The rapid demise of the Seattle jobs tax doesn’t change the need for the bill I’d drafted that would clearly prohibit a tax on jobs (or a “head tax”) unless the necessary taxing authority is explicitly granted by the Legislature.

My bill is still needed because the Seattle City Council’s turnaround was not due to concerns about the tax’s illegality. Far from it, seeing how the mayor and seven councilmembers maintained that the tax “struck the right balance” a day before they reversed course. I guess the state constitution doesn’t count in defining balance.

Instead of a legality question, the tipping point was apparently the prediction of a “prolonged, expensive political fight.” Meaning the referendum that was likely headed to Seattle voters, and the campaigns that would form on the pro and con sides.

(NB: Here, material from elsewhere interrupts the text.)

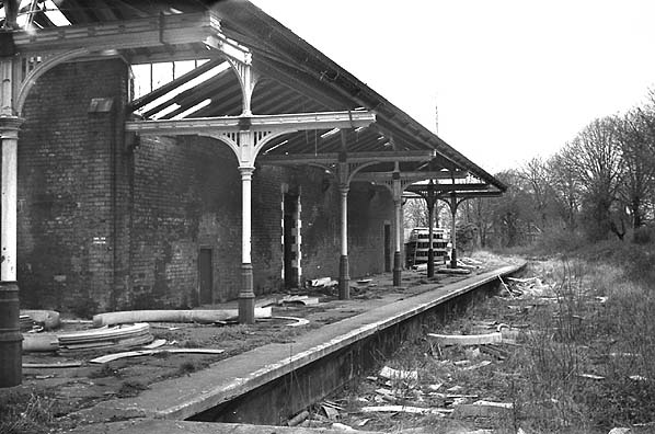 ![]() Station Name: STANMORE VILLAGEStanmore Village Station Gallery 4: ![]() Stanmore Village station looking south from the buffers in February 1968. Judging by the asbestos strewn over the platform and track it is assumed that much of the platform beneath the canopy was used to store to ducting that was removed by the last train to depart from the station

My legislation to clearly make the taxing of jobs illegal would also have repealed the Seattle jobs tax. The council’s reversal takes that angle out of the debate and simplifies the question. Three Democrat senators and a Democrat state representative have said they’ll support my no-jobs-tax bill if allowed to vote on it. Add just one more House Democrat and we should have constitutional majorities in both chambers of the Legislature in favor of protecting Washington jobs. I’m hopeful the council’s about-face will inspire a Democrat lawmaker serving a district within Seattle to be that final vote.

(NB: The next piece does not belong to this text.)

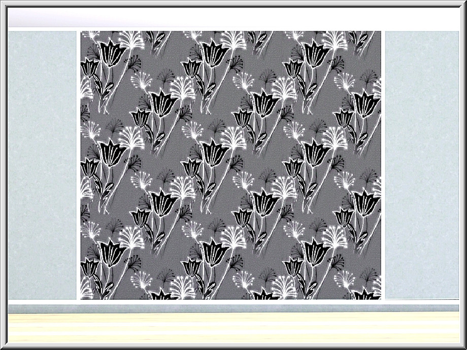 Fabric pattern: stylised field flowers in shades of black, grey and white

The council did the right thing, belatedly, by stopping the jobs tax before it could start. But I was disappointed that the mayor and majority of councilmembers clearly intend to drag the Legislature into the Seattle homelessness debate, judging from the closing sentences of the announcement they made Monday: “The state and region must be full partners and contribute to the solutions, including working for progressive revenue sources. Seattle taxpayers cannot continue to shoulder the majority of costs, and impacts.”

The costs and impacts being shouldered by Seattle taxpayers wouldn’t be so large if fundamental management tools like fiscal accountability and performance measures weren’t foreign concepts at City Hall. The mayor and council members will have a tough time convincing the state, meaning the Legislature, to be a full partner with a city government that has botched its management of the homelessness situation in about every way possible.

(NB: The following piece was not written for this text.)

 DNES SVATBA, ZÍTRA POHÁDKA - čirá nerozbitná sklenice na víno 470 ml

And trust me, state legislators from Seattle have repeatedly sponsored legislation to create what they would call “progressive revenue sources.” But after seeing the mayor and the council beat a hasty retreat from their jobs tax, they may be less inclined to pursue a new state income tax or job-killing energy tax that would make them and their party mighty unpopular across our state.

A state law that clearly prohibits a jobs tax couldn’t help but motivate governments in Seattle and elsewhere to make better use of the money they already collect. And I can’t think of anything the mayor and the council can say or do which would be more helpful than what the Legislature could accomplish by taking the jobs tax completely off the table. It’s the surest way to reverse the damage to Seattle’s reputation as a place to do business, and restore trust with employers.